Print Recipe
Beef and Lentil Soup
 
recipe image
Prep Time: 20 Minutes
Cook Time: 60 Minutes
Ready In: 80 Minutes
Servings: 8
Not having any barley, I decided to try a recipe from my favourite soup cookbook. Against my usual practice, I added 1/2 tsp of salt to the soup pot. It does add to the flavour.
Ingredients:
1 lb beef shank
1 tablespoon olive oil
1 medium onion
2 garlic cloves
6 cups water
2 bay leaves
2 sprigs fresh thyme, preferably fresh or 1 teaspoon dried thyme
1/2 teaspoon dried rosemary
1 clove
1/3 cup no-salt-added tomato sauce
3/4 cup red lentil
2 medium potatoes, peeled and cubed
1/2 teaspoon salt
Directions:
1. Add olive oil to a soup pot. Over moderately high heat, brown soup bone.

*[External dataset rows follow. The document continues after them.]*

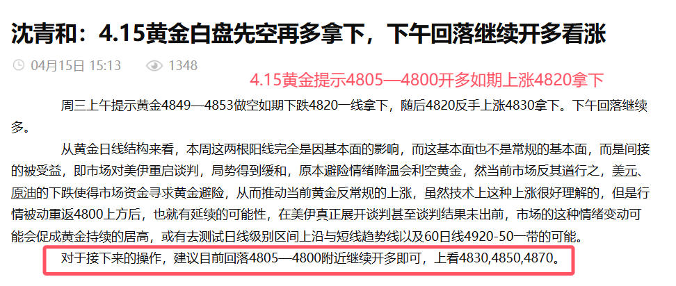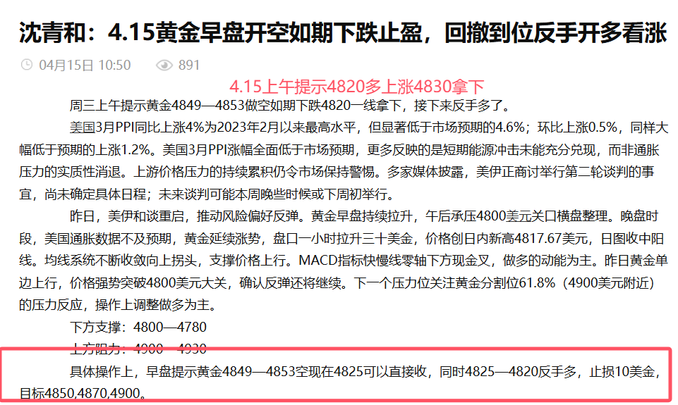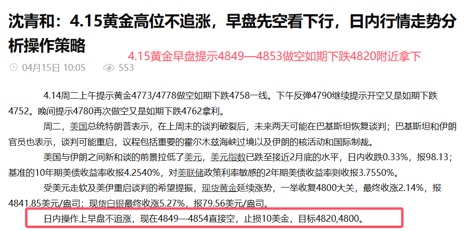 4.15周三上午提示黄金4849—4853做空如期下跌4820一线拿下,随后4820反手上涨4830拿下。下午回落4800开多上涨4820拿下,晚间布局4815空,4825补仓空如期下跌4790目标拿下。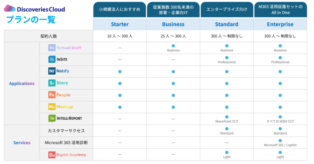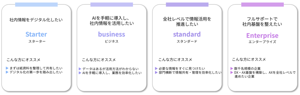 企業の規模や導入フェーズに応じて選べる4つのプラン(スターター/ビジネス/スタンダード/エンタープライズ)をご用意しています。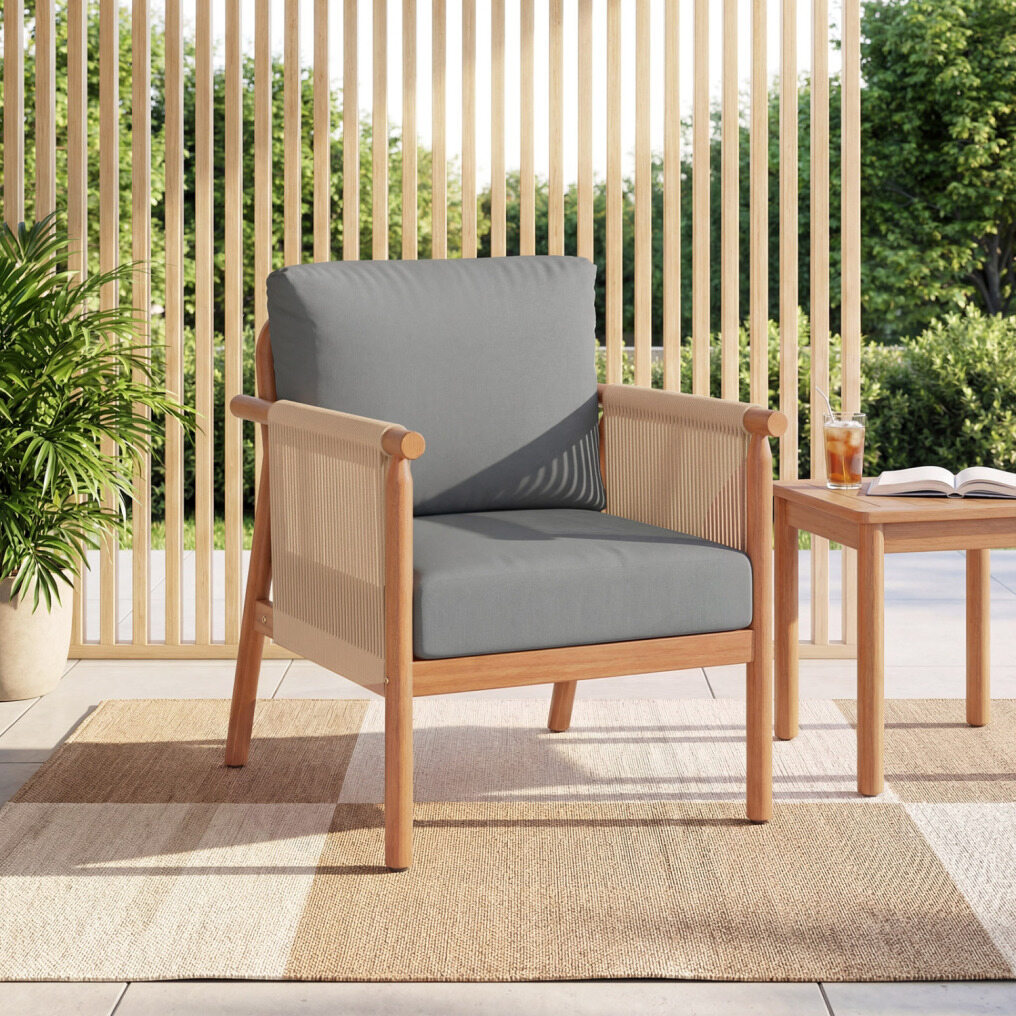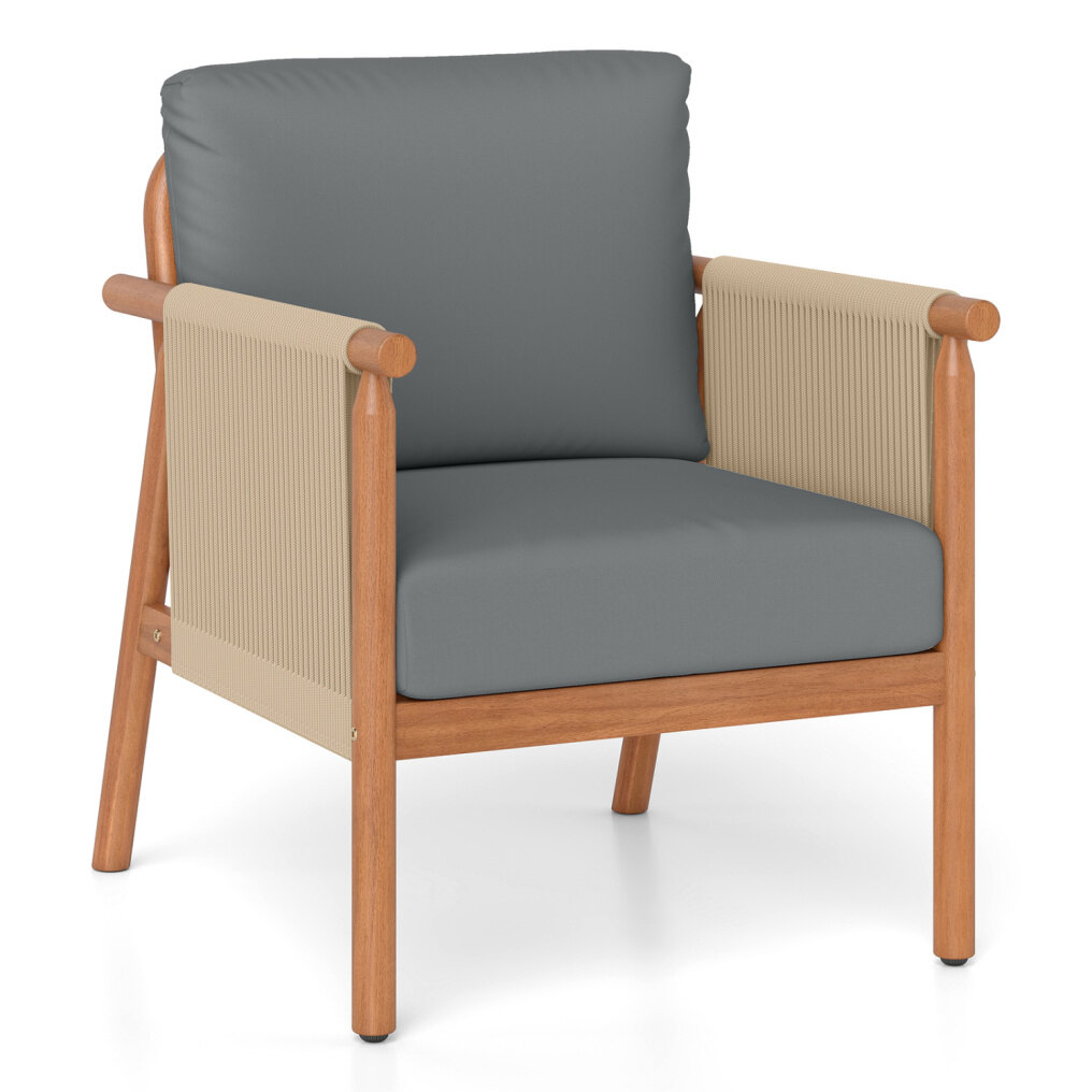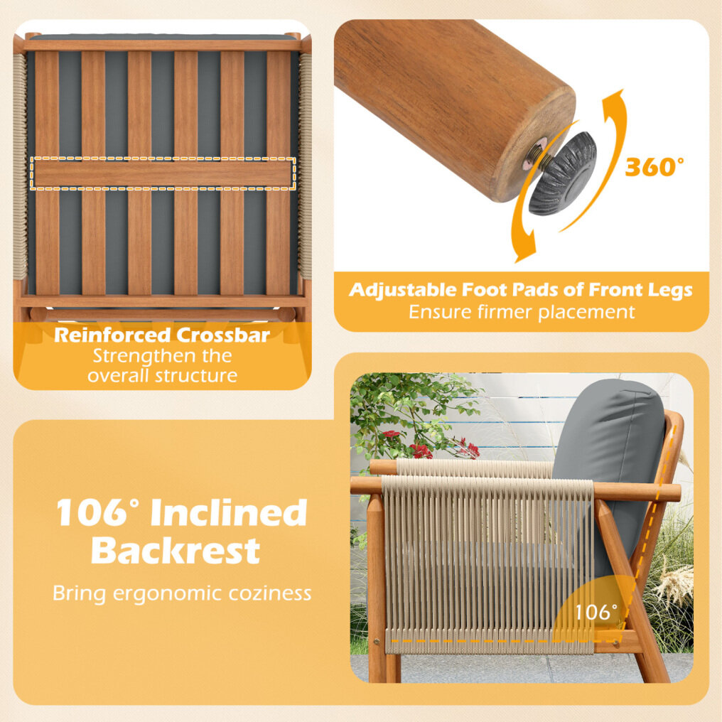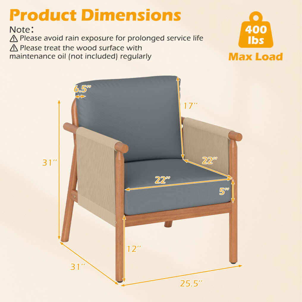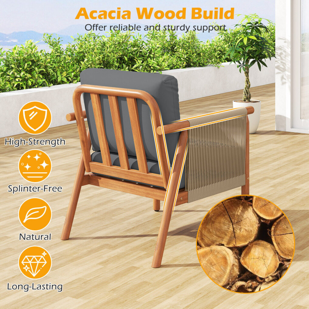 ● Natural Boho Elegance: Featuring intricately woven rope armrests, this patio acacia wood chair embodies authentic boho style. The natural fiber craftsmanship adds rustic elegance and a warm, earthy feel, bringing more aesthetic.

Add onion and garlic and cook over moderately low heat until onion is transparent.
2. Add 2 cups water and the tomato sauce and simmer until beef is tender.
3. Add spices, potato and lentils and the rest of the water and simmer over low heat until the lentils have lost all definition and potatoes are tender, approximately 25 minutes.
4. Season to taste. I added 1/2 tsp of salt which seemed about right for me.